Have you ever seen or stood below a giant sequoia tree? My family and I encountered a grove of them at the Royal Botanic Gardens in Edinburgh a couple months ago. We have also seen the gigantic redwoods out at Muir Woods during a trip to San Francisco back in 2011. It is quite a humbling experience to stand beneath these grand specimens of God’s creation!
The writer of my daily devotional this morning was talking about sequoia trees (The Methodist Book of Daily Prayer, p. 168-169). Even though sequoias are among the world’s largest trees, they don’t have their own separate root systems. Instead, their roots intertwine with the roots of neighboring trees. That’s how they support and strengthen one another. “When a storm hits,” the writer observes, “they literally hold each other up.”
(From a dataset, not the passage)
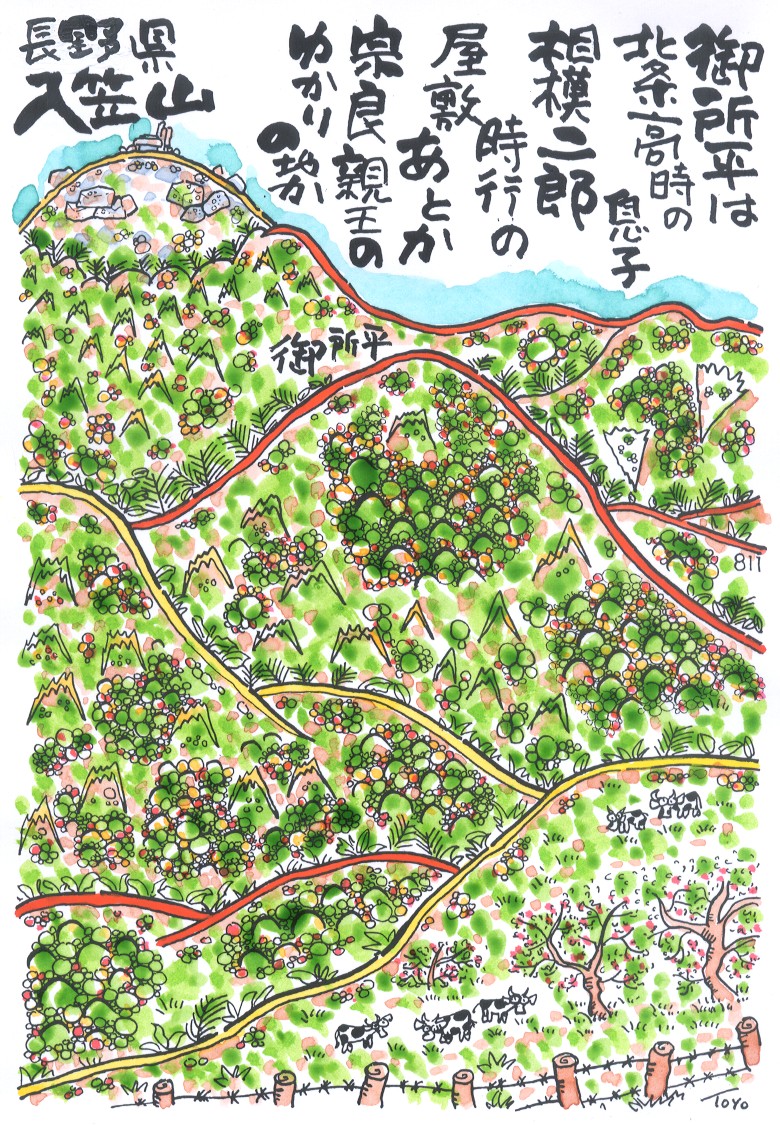 という。山頂北側にある御所平峠の御所平は北条高時の息子相模二

The writer went on to observe that we often want to see ourselves as independent, self-sufficient, and self-reliant. When problems come our way, we want to be able to handle them ourselves. “But this isn’t how we are created to live,” the writer suggests. “We are made to derive our strength from a power outside ourselves. We are meant to be rooted in Christ and to establish our strength from a source beyond ourselves.” In other words, we are meant to be like the giant sequoias—bound together and connected to one another for mutual strength and support.
The devotional closed with a line that I really like: “The bad news is that you can’t do life alone. The good news is that you don’t have to.”
Today I thank God for our rootedness together in Christ and in community with one another here at Signal Crest.